Exercise brief => Without copying any picture, transcribe exactly the lines of the data below from the one containing "스타일 구매 가능 |" through the one containing "7.2.10 Houghton Deep".

Records excerpted from a collection
====

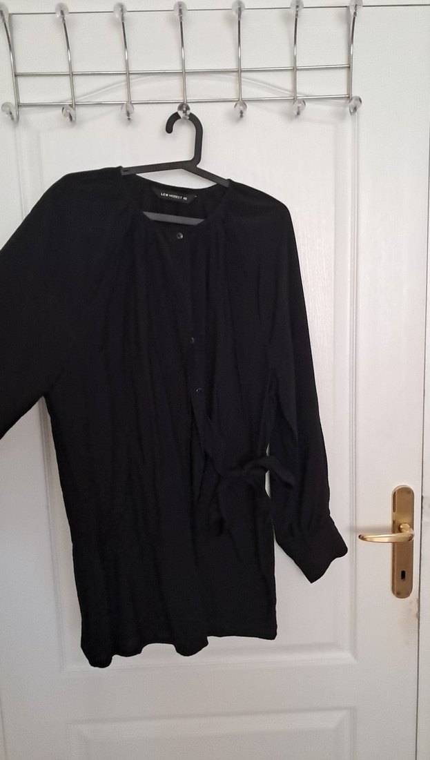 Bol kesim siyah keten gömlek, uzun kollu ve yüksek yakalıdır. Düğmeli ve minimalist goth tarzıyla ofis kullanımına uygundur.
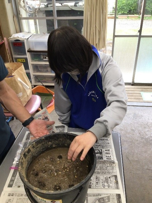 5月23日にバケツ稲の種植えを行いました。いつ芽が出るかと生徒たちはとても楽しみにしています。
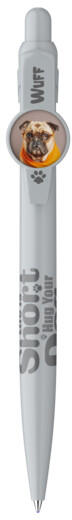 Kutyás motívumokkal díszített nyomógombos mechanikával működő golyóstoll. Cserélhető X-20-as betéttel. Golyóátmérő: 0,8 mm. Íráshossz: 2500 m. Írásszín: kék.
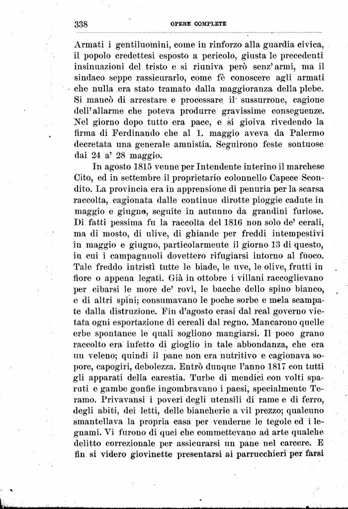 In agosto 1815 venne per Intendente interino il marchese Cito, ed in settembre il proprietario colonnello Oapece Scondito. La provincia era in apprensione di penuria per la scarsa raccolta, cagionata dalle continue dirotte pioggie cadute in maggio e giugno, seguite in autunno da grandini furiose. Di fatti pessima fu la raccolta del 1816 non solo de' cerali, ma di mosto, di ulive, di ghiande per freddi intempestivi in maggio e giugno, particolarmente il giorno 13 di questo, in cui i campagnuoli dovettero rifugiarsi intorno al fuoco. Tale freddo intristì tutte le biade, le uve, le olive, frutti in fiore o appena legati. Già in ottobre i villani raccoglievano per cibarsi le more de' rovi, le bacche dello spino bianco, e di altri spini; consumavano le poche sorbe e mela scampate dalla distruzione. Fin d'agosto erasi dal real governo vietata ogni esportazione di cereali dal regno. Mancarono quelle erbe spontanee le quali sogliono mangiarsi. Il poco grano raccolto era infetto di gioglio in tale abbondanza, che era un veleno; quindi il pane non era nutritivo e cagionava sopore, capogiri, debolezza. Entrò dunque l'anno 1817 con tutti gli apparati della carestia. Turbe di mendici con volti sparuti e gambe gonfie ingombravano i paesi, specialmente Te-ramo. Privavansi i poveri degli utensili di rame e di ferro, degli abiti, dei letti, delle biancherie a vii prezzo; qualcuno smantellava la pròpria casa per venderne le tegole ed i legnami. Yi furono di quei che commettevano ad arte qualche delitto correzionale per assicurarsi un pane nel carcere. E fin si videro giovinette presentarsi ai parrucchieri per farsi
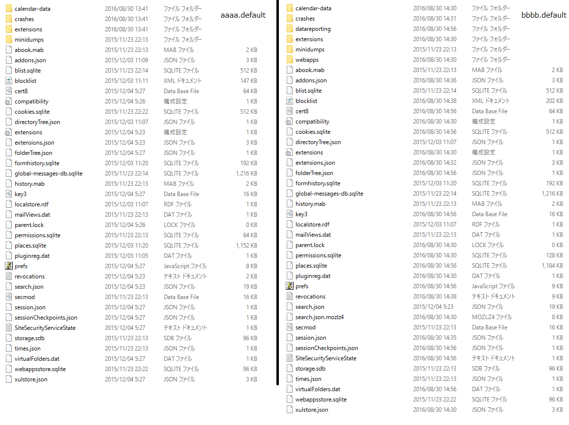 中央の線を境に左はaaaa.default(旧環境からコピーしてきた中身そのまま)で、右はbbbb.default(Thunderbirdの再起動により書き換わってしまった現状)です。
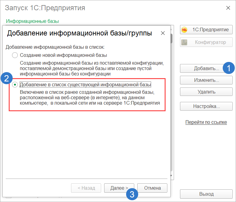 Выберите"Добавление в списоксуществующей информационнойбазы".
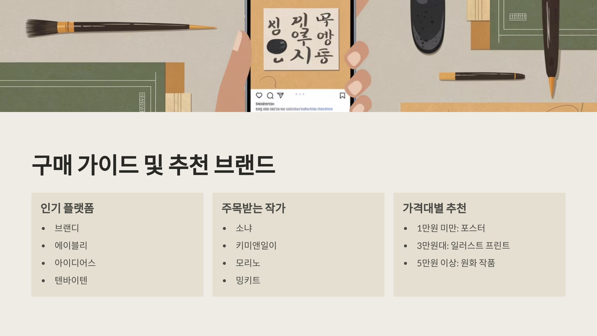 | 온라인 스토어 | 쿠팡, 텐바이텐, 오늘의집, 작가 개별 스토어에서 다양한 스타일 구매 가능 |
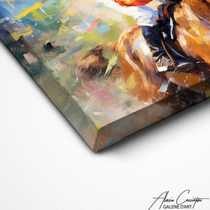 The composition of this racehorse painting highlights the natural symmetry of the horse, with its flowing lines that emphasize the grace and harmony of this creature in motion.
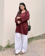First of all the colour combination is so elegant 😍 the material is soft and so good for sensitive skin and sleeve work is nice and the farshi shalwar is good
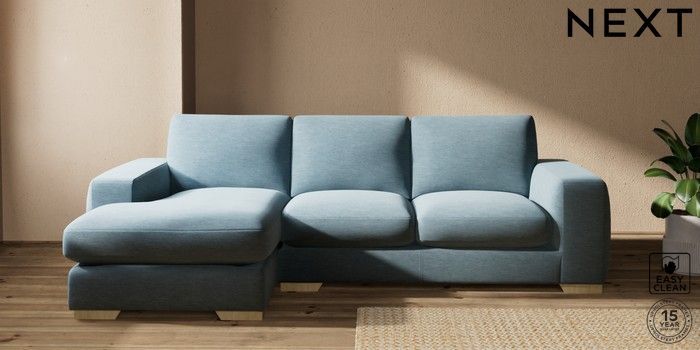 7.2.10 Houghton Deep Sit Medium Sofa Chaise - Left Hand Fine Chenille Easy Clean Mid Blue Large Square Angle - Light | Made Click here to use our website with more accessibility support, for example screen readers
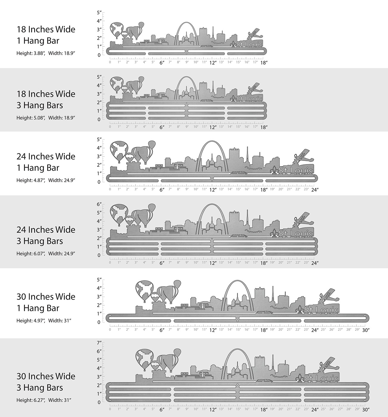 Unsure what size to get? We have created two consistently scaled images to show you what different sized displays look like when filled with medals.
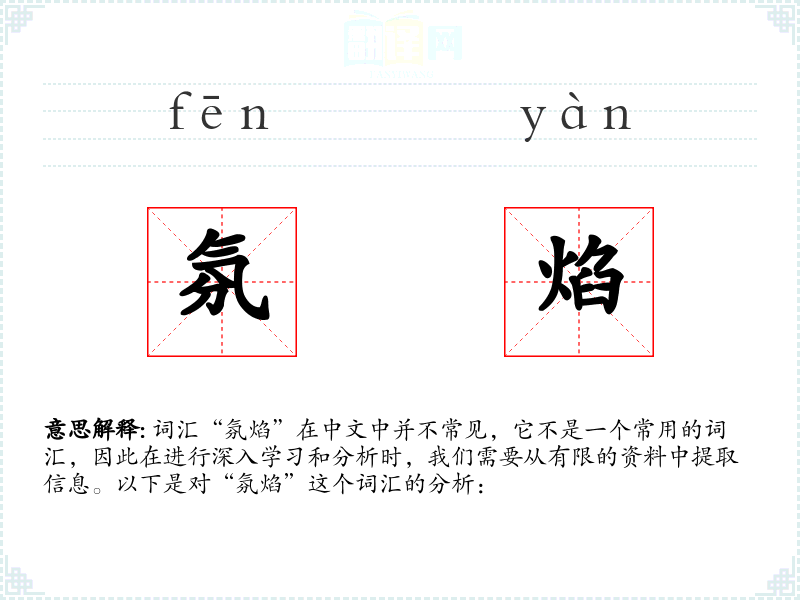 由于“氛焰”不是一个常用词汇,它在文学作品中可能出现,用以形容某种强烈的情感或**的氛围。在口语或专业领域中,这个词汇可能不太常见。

====

Task result =>
 | 온라인 스토어 | 쿠팡, 텐바이텐, 오늘의집, 작가 개별 스토어에서 다양한 스타일 구매 가능 |
 The composition of this racehorse painting highlights the natural symmetry of the horse, with its flowing lines that emphasize the grace and harmony of this creature in motion.
First of all the colour combination is so elegant 😍 the material is soft and so good for sensitive skin and sleeve work is nice and the farshi shalwar is good
 7.2.10 Houghton Deep Sit Medium Sofa Chaise - Left Hand Fine Chenille Easy Clean Mid Blue Large Square Angle - Light | Made Click here to use our website with more accessibility support, for example screen readers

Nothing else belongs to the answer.